Струйский нахмурился. «Осенила легкокрылым крылом» – вышло как-то неладно и нескладно…
– Крылом своим благодатным осенила меня муза! – пылко поправился он. – Вложила в десницу мою стило свое и направила мысли мои ко сложению стиха! Вот послушай!
Он широко размахнул рукой, так что с кружевной манжеты посыпалась пыль, и снял с конторки кругом исчерканный листок. Подошел поближе к свече и поднес листок к глазам. Откашлялся, готовясь начать…
Рокотов предусмотрительно посторонился. Причина для сего имелась. Тот же князь Долгорукий однажды рассказывал:
– Явился я как-то к нашему пииту с товарищем, и читал Струйский нам свое новое произведение. Читал с восторгом и жаром, и таково был талантом своим собственным восхищен, что схватил внезапно моего товарища за ляжку и так больно, что тот вздрогнул и закричал, а Струйский, не внемля ничему, продолжал чтение свое, как человек в исступлении…
Не хотелось бы испытать сего удовольствия от гостеприимного хозяина!
– Все обращение его, впрочем, было дико, странно, – добавил тогда Долгорукий, и Рокотов это вспомнил, потому что и сейчас Струйский был дик и странен. И голос его звучал с этаким лесным завыванием:
Перевел дух и спросил с нескрываемым восторгом:
– А, Рокотов? Каково!
– Блистательно, сударь, – подавив скрип зубовный, кивнул живописец, давно уже усвоивший, что сие слово более всего по нраву творцу-стихоплету, ибо сам он считал вирши свои именно блистательными и мнения иного просто не воспринимал. – Как и все, что принадлежит перу вашему и вдохновлено музою вашею. На сем Парнасе нет вам равных!
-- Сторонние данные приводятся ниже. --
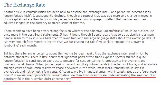 В сегодняшнем выступлении глава RBA Гленн Стивенс все-таки предпринял вербальную интервенцию против австралийского доллара.

На сем Парнасе, ежели иметь в виду кабинет, и впрямь не было равных хозяину, так что Рокотов не брал на душу греха лжи. Да, впрочем, его сейчас сие волновало столь же мало, как судьба прошлогоднего снега.
– Позволительно ли мне будет осведомиться о здравии уважаемой Александры Петровны и выразить ей свое почтение? – поспешно спросил Рокотов, норовя успеть, прежде чем Струйский разразится очередной поэзою, – и обмер, увидев, как исказилось лицо вдохновенного пиита.
– Милостивый бог… Саш… Александра Петровна… она… храни ее Господь, она не больна?! – невольно воскликнул Рокотов и стиснул кулаки, досадуя, что выдал себя, что не смог скрыть муку, прозвучавшую в голове.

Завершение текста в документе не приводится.